■ **What is expected**
Exclude the images and transcribe the entries below precisely.

[Excerpts from a dataset]
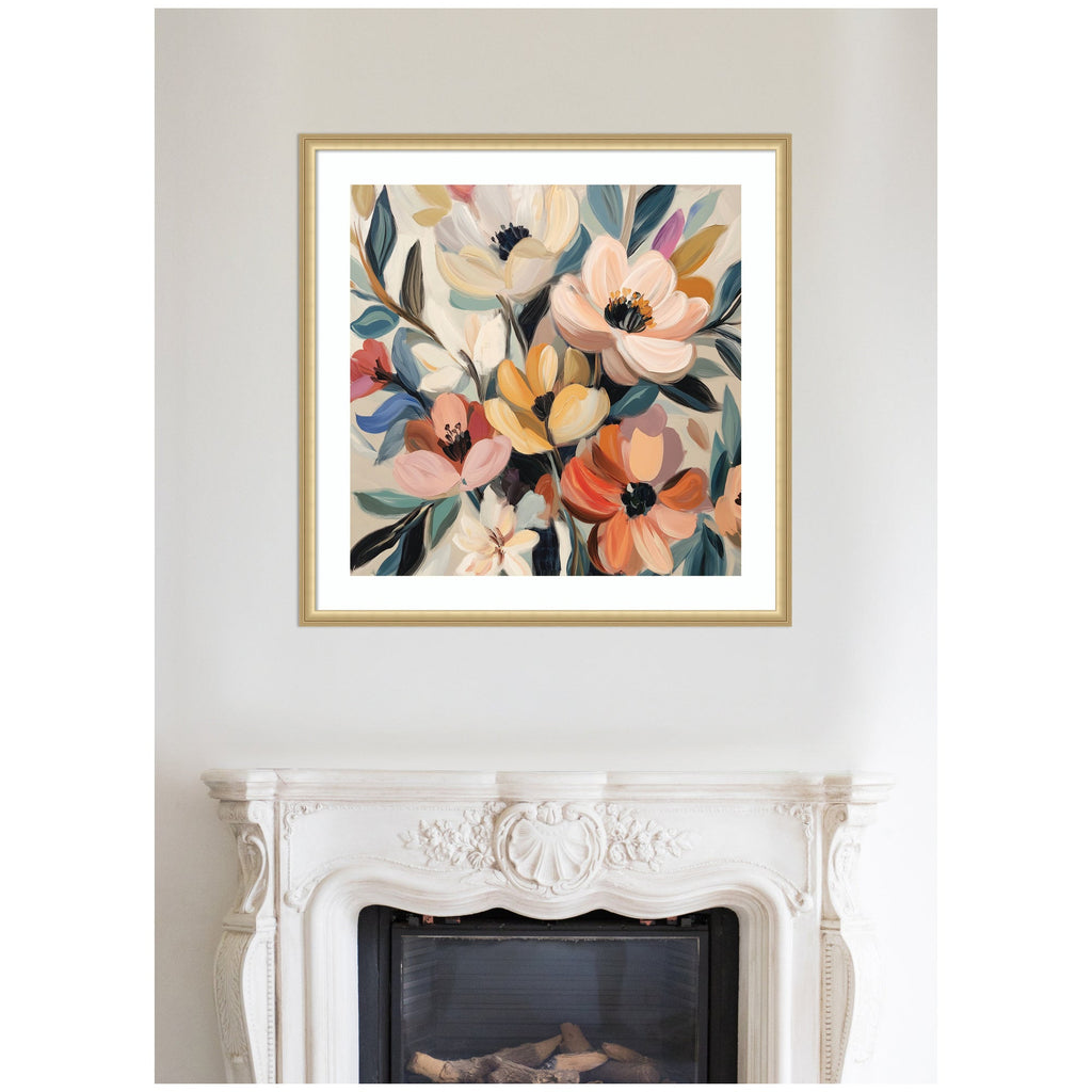 - Authentic Artist Collaboration: 'Garden Bloom Abstract Bouquet II' is an officially licensed work by independent artist The Creative Bunch Studio, thoughtfully presented in our Florence Gold molding. The finished piece measures 34 x 34, offering a sophisticated statement for your space. Visual Story: This artwork features a vibrant and abstract depiction of flowers, with bold brushstrokes and a lively color palette. The composition showcases various blossoms in shades of pink, orange, and cream, surrounded by broad leaves. The pieces exude a sense of movement and energy, capturing the essence of a flourishing garden. The Creative Bunch Studio's Artist Profile: A Wisconsin family collective that mixes media and styles, the group creates upbeat artwork rooted in mutual encouragement and fun.
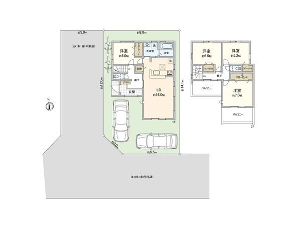 | 土地面積 | 120.26㎡(約36.37坪) ※別途私道約263.78㎡有 (共有持分 1/143) |
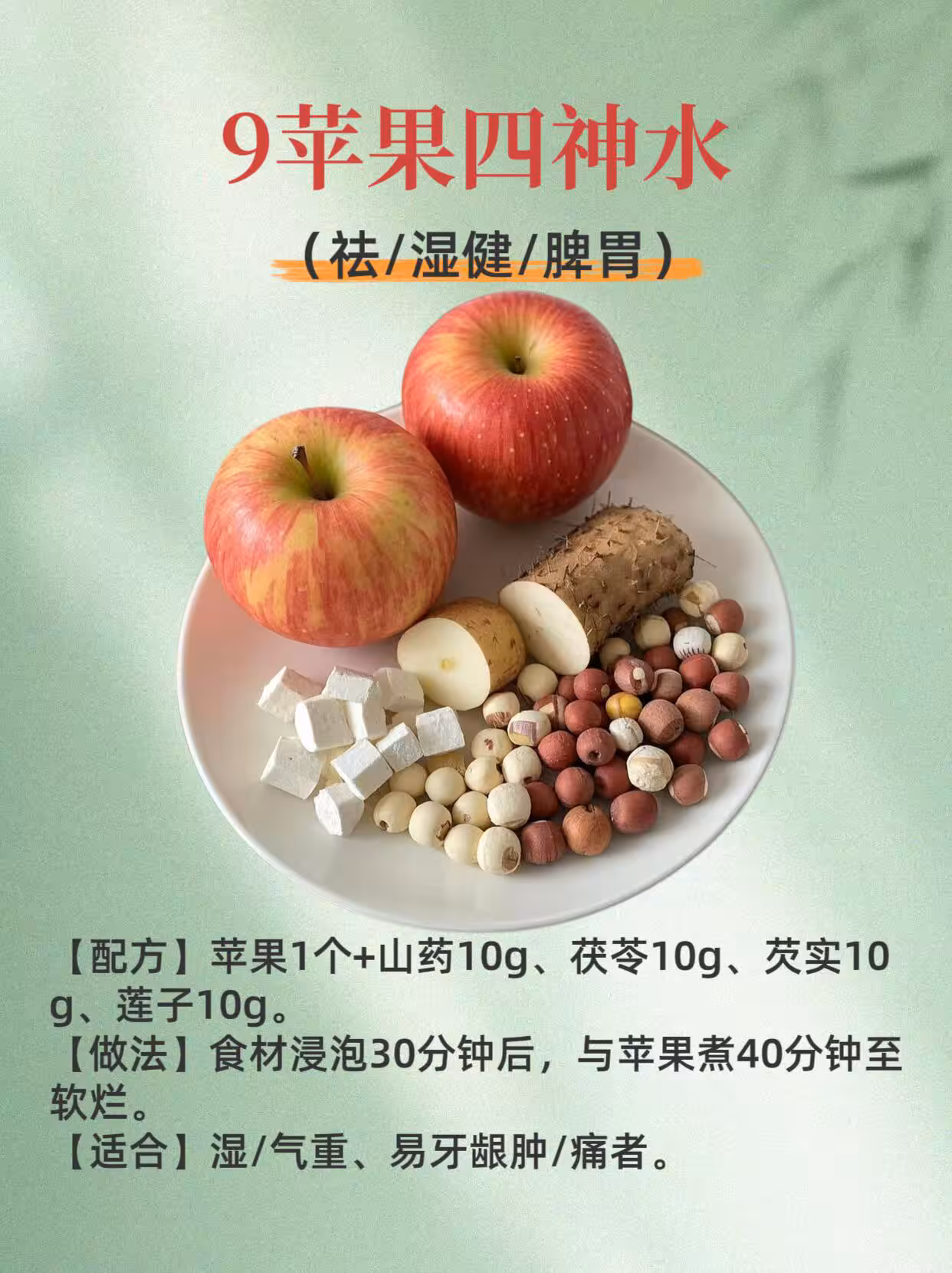 🌰 蘋果四神水:蘋果1個+山藥10g+茯苓10g+芡實10g+蓮子10g。食材浸泡30分鐘後,與蘋果煮40分鐘。
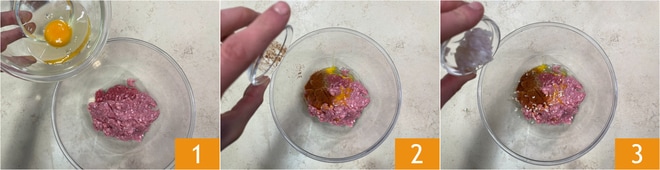 Pour préparer les boulettes avec crème de cannellini, versez dans un bol la viande hachée de bœuf et de porc, puis ajoutez l'œuf 1, les épices 2, l'échalote et l'ail hachés 3.
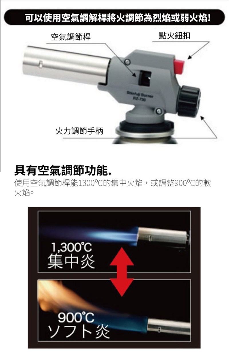 2. 利用空氣調節閥來調整火焰強度及火焰類型。全開時,為藍色的高溫集中炎。
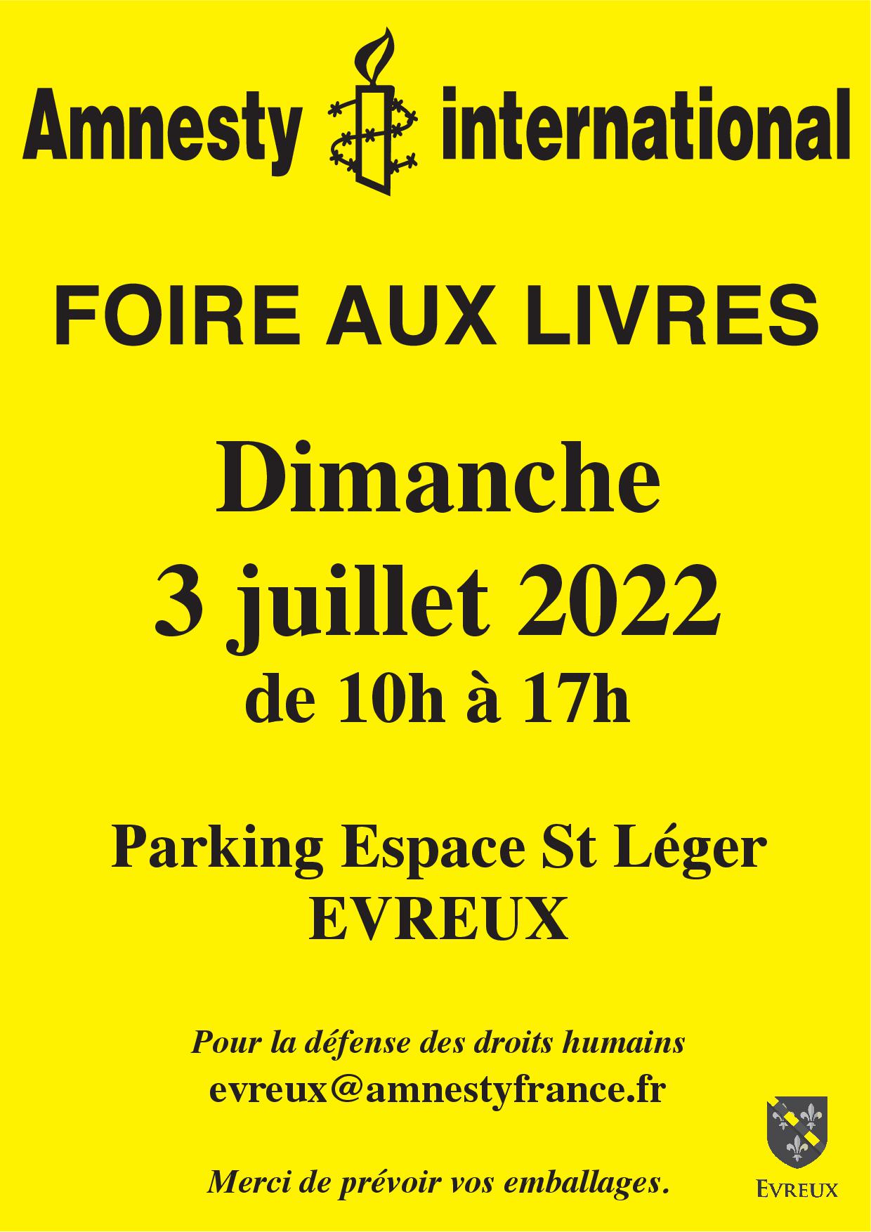L'actualité des droits humains par Amnesty International Évreux: remise en cause du droit à l'avortement aux USA, une grave atteinte aux droits des femmes; Tunisie, l'ombre de la dictature; délit de faciès en France, et graves atteintes aux droits humains dans les prisons françaises; infos locales, émission "Fréquence droits humains" sur les réfugié.e.s le 30 06 ( http://frequence-droits-humains.principeactif.net/podcasts/journee-mondial-des-refugies) et FOIRE aux LIVRES dimanche 3 juillet
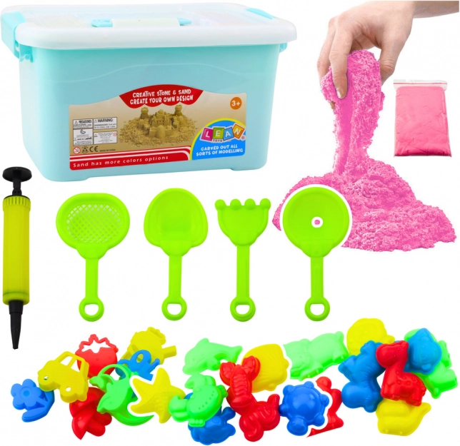 Sandet er usædvanligt blødt, elastisk og formbart – det er let at forme og behageligt at røre ved. Det vigtige er, at det bevarer sin form efter modellering, smuldrer ikke, sviner ikke hænderne, efterlader ikke fedtede spor og tørrer ikke ud. Takket være brugen af naturlige ingredienser er det helt sikkert at lege med, selv for de yngste børn.
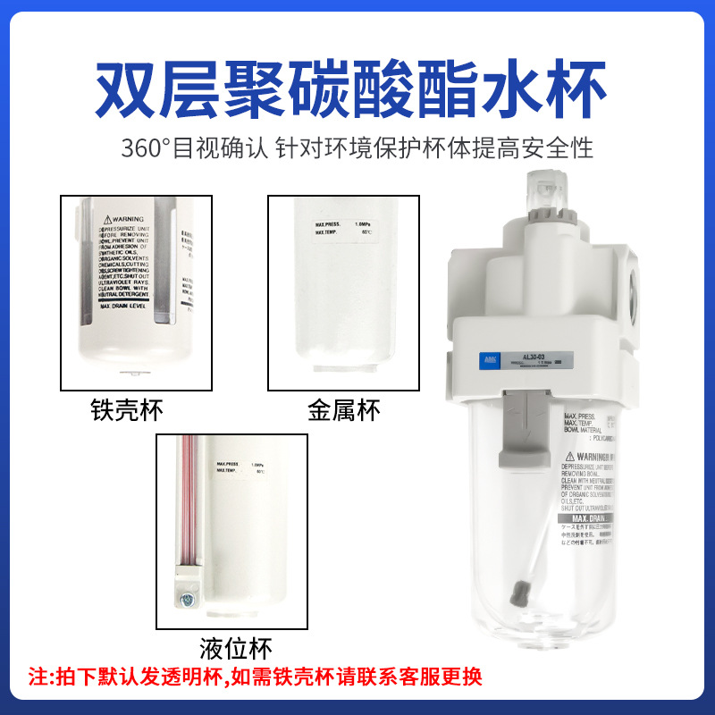 气源处理过滤器AC20-02-A AC30-03-A气泵气动三联件AC40-04D-A

■ **Response to this task**
 - Authentic Artist Collaboration: 'Garden Bloom Abstract Bouquet II' is an officially licensed work by independent artist The Creative Bunch Studio, thoughtfully presented in our Florence Gold molding. The finished piece measures 34 x 34, offering a sophisticated statement for your space. Visual Story: This artwork features a vibrant and abstract depiction of flowers, with bold brushstrokes and a lively color palette. The composition showcases various blossoms in shades of pink, orange, and cream, surrounded by broad leaves. The pieces exude a sense of movement and energy, capturing the essence of a flourishing garden. The Creative Bunch Studio's Artist Profile: A Wisconsin family collective that mixes media and styles, the group creates upbeat artwork rooted in mutual encouragement and fun.
 | 土地面積 | 120.26㎡(約36.37坪) ※別途私道約263.78㎡有 (共有持分 1/143) |
 🌰 蘋果四神水:蘋果1個+山藥10g+茯苓10g+芡實10g+蓮子10g。食材浸泡30分鐘後,與蘋果煮40分鐘。
 Pour préparer les boulettes avec crème de cannellini, versez dans un bol la viande hachée de bœuf et de porc, puis ajoutez l'œuf 1, les épices 2, l'échalote et l'ail hachés 3.
 2. 利用空氣調節閥來調整火焰強度及火焰類型。全開時,為藍色的高溫集中炎。
L'actualité des droits humains par Amnesty International Évreux: remise en cause du droit à l'avortement aux USA, une grave atteinte aux droits des femmes; Tunisie, l'ombre de la dictature; délit de faciès en France, et graves atteintes aux droits humains dans les prisons françaises; infos locales, émission "Fréquence droits humains" sur les réfugié.e.s le 30 06 ( http://frequence-droits-humains.principeactif.net/podcasts/journee-mondial-des-refugies) et FOIRE aux LIVRES dimanche 3 juillet
 Sandet er usædvanligt blødt, elastisk og formbart – det er let at forme og behageligt at røre ved. Det vigtige er, at det bevarer sin form efter modellering, smuldrer ikke, sviner ikke hænderne, efterlader ikke fedtede spor og tørrer ikke ud. Takket være brugen af naturlige ingredienser er det helt sikkert at lege med, selv for de yngste børn.
 气源处理过滤器AC20-02-A AC30-03-A气泵气动三联件AC40-04D-A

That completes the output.